Books are more than a words

Sep 14, 2015

Reboot by Amy Tintera



Reboot (Reboot #1)
My rating: 3 stars.
Summary:
Five years ago, Wren Connolly was shot three times in the chest. After 178 minutes she came back as a Reboot: stronger, faster, able to heal, and less emotional. The longer Reboots are dead, the less human they are when they return. Wren 178 is the deadliest Reboot in the Republic of Texas. Now seventeen years old, she serves as a soldier for HARC (Human Advancement and Repopulation Corporation).
Wren’s favorite part of the job is training new Reboots, but her latest newbie is the worst she’s ever seen. As a 22, Callum Reyes is practically human.
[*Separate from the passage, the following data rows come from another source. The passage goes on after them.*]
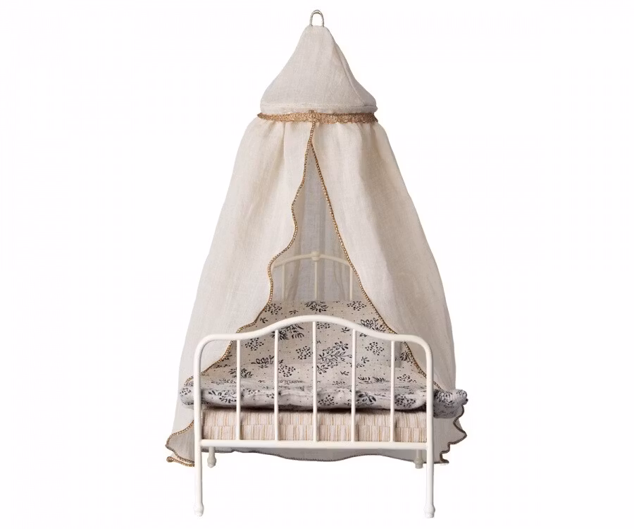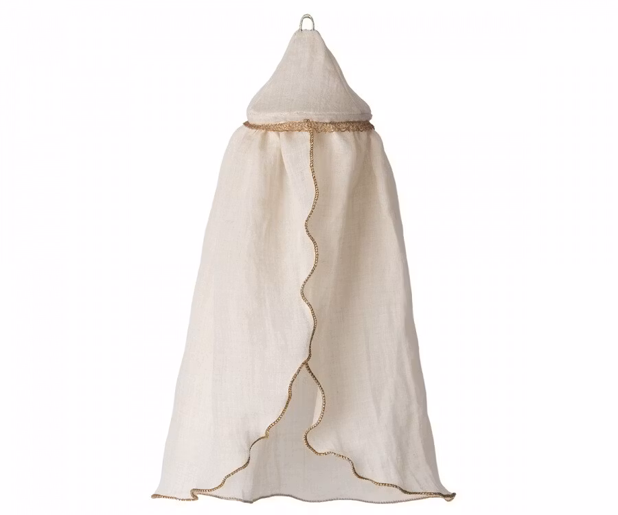 En romantisk sengehimmel til Miniature dukkehuset fra danske Maileg. Sengehimmelen hænges nemt op fra soveværelsesloftet med en lille krog, der følger med. Mål: Højde: 32 cm. Bredde 8 cm. Materiale: Bomuld/metal.
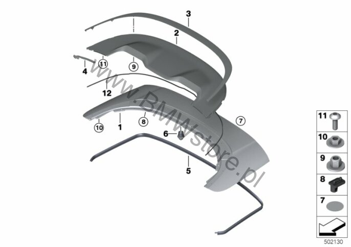 Dla samochodów z Wyp. zewnętrzne Chrome-Line (S346A) = NIE Listwa ozdobna pokrywy składanego dachu 51 17 7 464 469 |
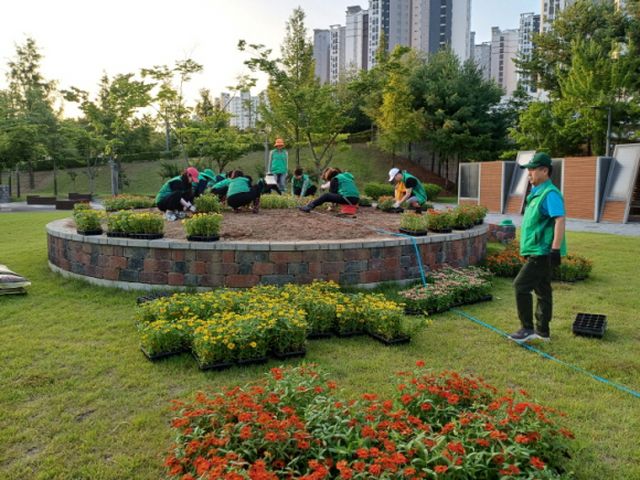 이날 오전 5시 30분 이른 시간부터 율곡동 새마을남녀지도자 20여 명은 형형색색의 백일홍 3,500본을 색상별로 구분하여 화단을 꾸미며, 주민들에게 볼거리를 제공함은 물론 쾌적한 주거환경을 조성하기 위해 구슬땀을 흘렸다.
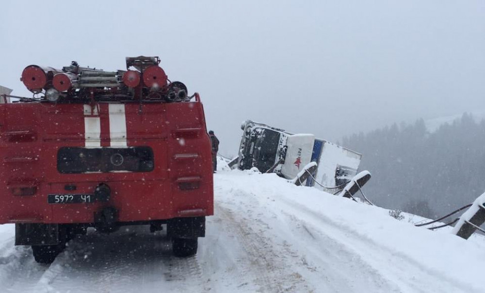 Аварія на Верховинщині: Вантажівка злетіла з дороги та перекинулася
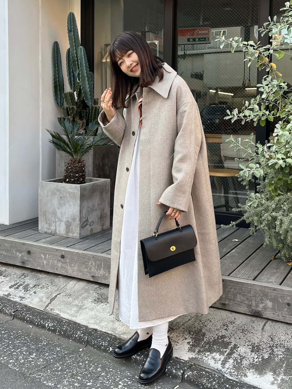おはなのステンカラーコート「<CITEN>ウールライク ビッグ バルカラーコート チェック」を使ったコーディネート
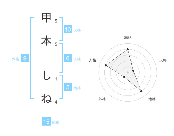 甲本 しねさんの総格は15画の4点!
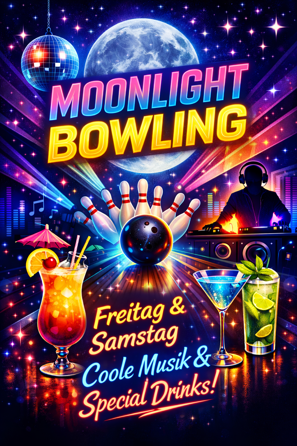 Moonlight Bowling mit cooler Musik und Special Drinks
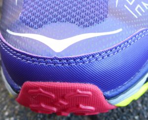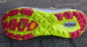 Hoka–Schuhe fallen immer wieder auf den ersten Blick durch ihre XL – Sohle auf, so auch der Trailschuh Mafate Speed 2. Aber bei Hoka ist Sohle nicht gleich Sohle; hier ist es eine doppelschichtige CMEVA- mit RMAT-Zwischensohle und einer Vibram Megagrip-Außensohle mit Flexkerben. Die Sohle ist als sog. Rocker-Sohle vorn leicht aufgebogen – Hoka: Early-Meta-Rocker-Sohlenaufbau – und hat eine Sprengung von 4 mm; dadurch unterstütz sie die Abrollbewegung des Fuße spürbar. Die Sohle hat – wie alle Hoka-Schuhe – eine beeindruckend gute Dämpfung, sinkt aber beim Fersenaufsatz nicht weich ein – ein guter Kompromiss zwischen bequemer Dämpfung und Stabilität. Der Griff der stolligen Vibram-Sohle ist auf jedem Untergrund gut, diese Griffigkeit wird noch durch die breite Sohlenform unter Ferse und Ballen unterstützt, die dem Fuß auch seitlich sehr guten Halt gibt.
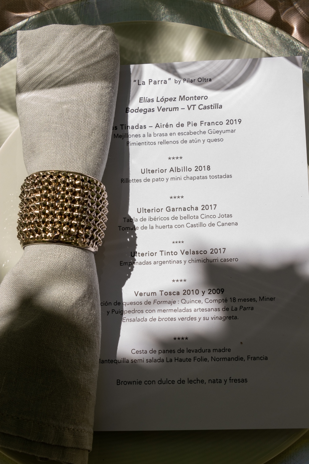 El archiconocido y valorado Verum Las Tinadas Airén de Pie franco (plantado en 1950 abrió la terna de vinos al que le siguió ese del que no puedo dar pistas, pero sí adelantar que será otro motivo más de reconocimiento al trabajo de Elías en su Tomelloso natal (y mío de adopción).
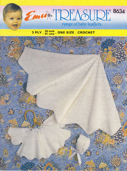 Emu 8610: vintage shawl pattern in CROCHET, 50" square in 4ply wool, matinee and bonnet in same pattern. Matinee 18 and 20 inch chest. FOR MORE SHAWLS SEE SHAWLS, COVERS AND BLANKETS PAGE colour All images and text on this website are copyright fab40s.co.uk and are for reference and historical interest only You can email sue@fab40s.co.uk
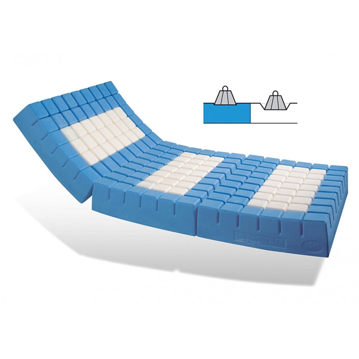 Aнтидекубиталeн душек изработен од три дела независни еден од друг. Овие делови се составени од база на чија површина има 54 блока кои се поместуваат независно еден од друг. Блоковите од централниот дел се таканаречени low weight-bearing со поголема мекост, наменети за додатно намалување на притисокот на предилекционите места (тил, крст, пета). Страничните блокови имаат функција на стабилизатори на позицијата на пациентот и не дозволуваат негово испаѓање од душекот. Polymaille прекривка е 100% хипоалергиска, импермеабилна за течности, пермеабилна за испарувања при евапорација и е третирана антибактериски, антипаразитарно и антифунгално (SANITIZED treated).
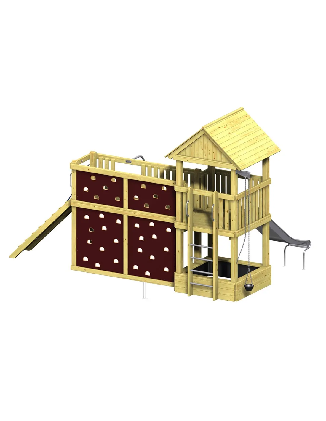 L'aire de jeux publique pour enfant n°6 est un kit complet pouvant recevoir plusieurs extensions au choix. Elle comprend:
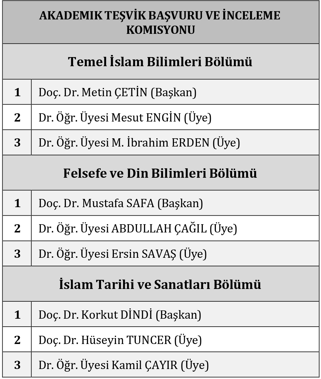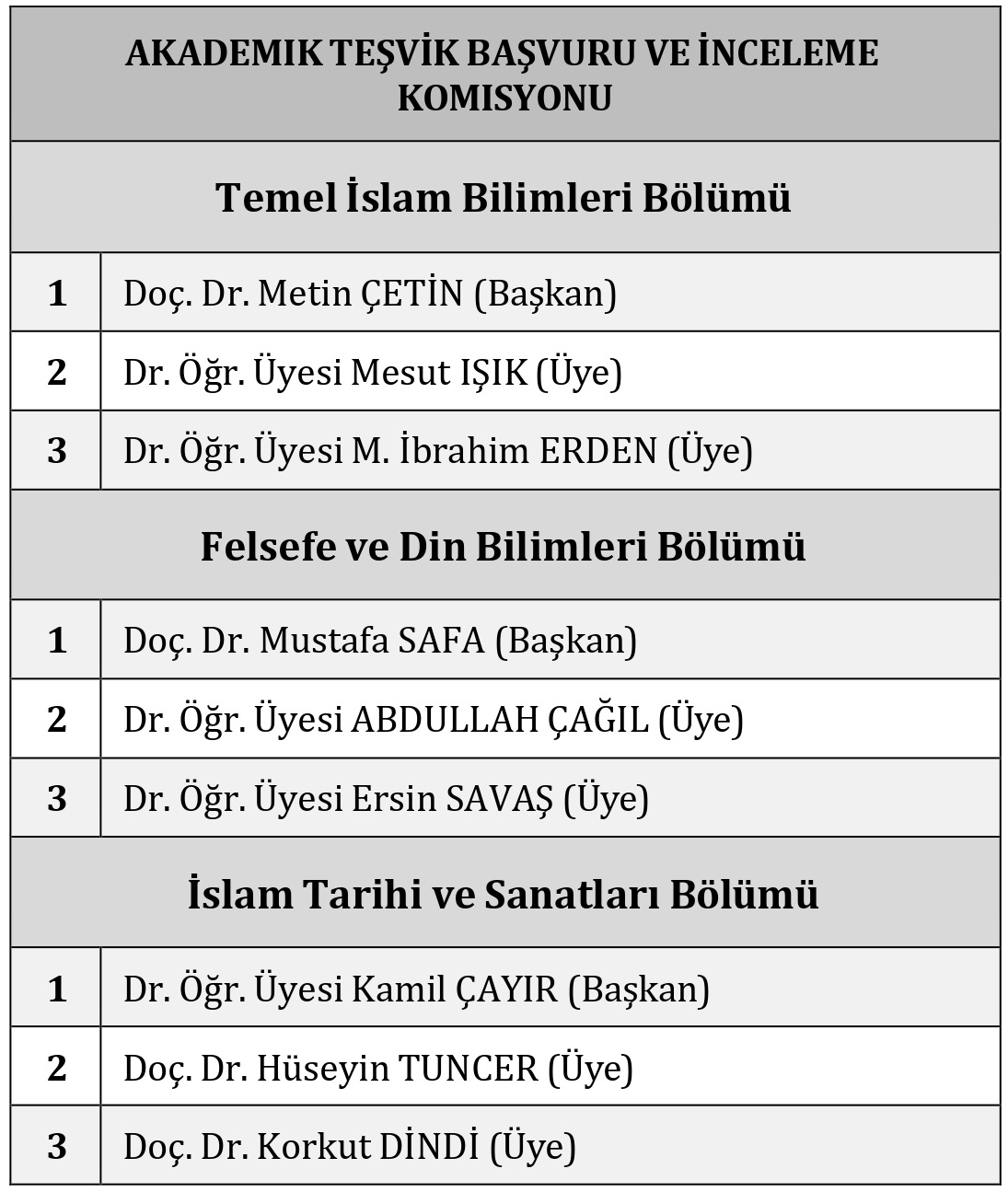 Komisyon: İslami İlimler Fakültesi Akademik Teşvik Başvuru ve İnceleme Komisyonunu,
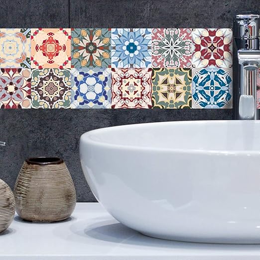 Alwayspon waterproof vinyl wall tiles sticker for home decor self adhesive peel and stick backsplash tile decals for kitchen bathroom decor 6x6inch 10 pcs 38 out of 5 stars 132 1499 14. Briketo tiles are perfect for renters renew the surface as you like and return it just the way you received it without having to invest much money. Tile stickers for decoration for floor or wall fez style easy way to customize your bathroom kitchen or backsplash pack of 10 skumgt homeartstickers 5 out of 5 stars 778 683 759 759 10 off favourite add to see similar items more like this.
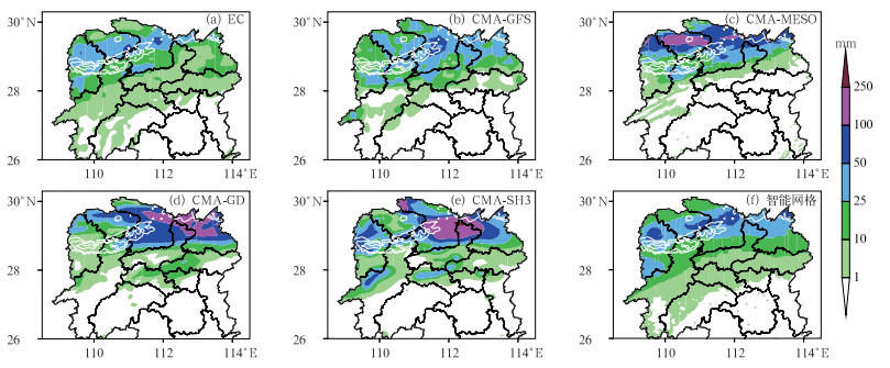 图 10 模式和客观产品2023年6月29日08:00起报的29日20:00至30日20:00累计降水量预报(填色)和实况(白线,≥50 mm) Fig. 10 The observed (white line, ≥50 mm) and forecasted accumulated precipitation (colored) from 20:00 BT 29 to 20:00 BT 30 by models and objective product initiated at 08:00 BT 29 June 2023 |

His reflexes are too slow, he’s always asking questions, and his ever-present smile is freaking her out. Yet there’s something about him she can’t ignore. When Callum refuses to follow an order, Wren is given one last chance to get him in line—or she’ll have to eliminate him. Wren has never disobeyed before and knows if she does, she’ll be eliminated, too. But she has also never felt as alive as she does around Callum.
The perfect soldier is done taking orders.

***


The first time I read the synopsis of Reboot, it was because of the Spanish release, and I found it so original and badass that I couldn’t help but to order my ebook copy and started reading it as soon as I could.
I was promised a zombie-like, Robocop-like story that sounded like everything I needed to go back to the dystopian field.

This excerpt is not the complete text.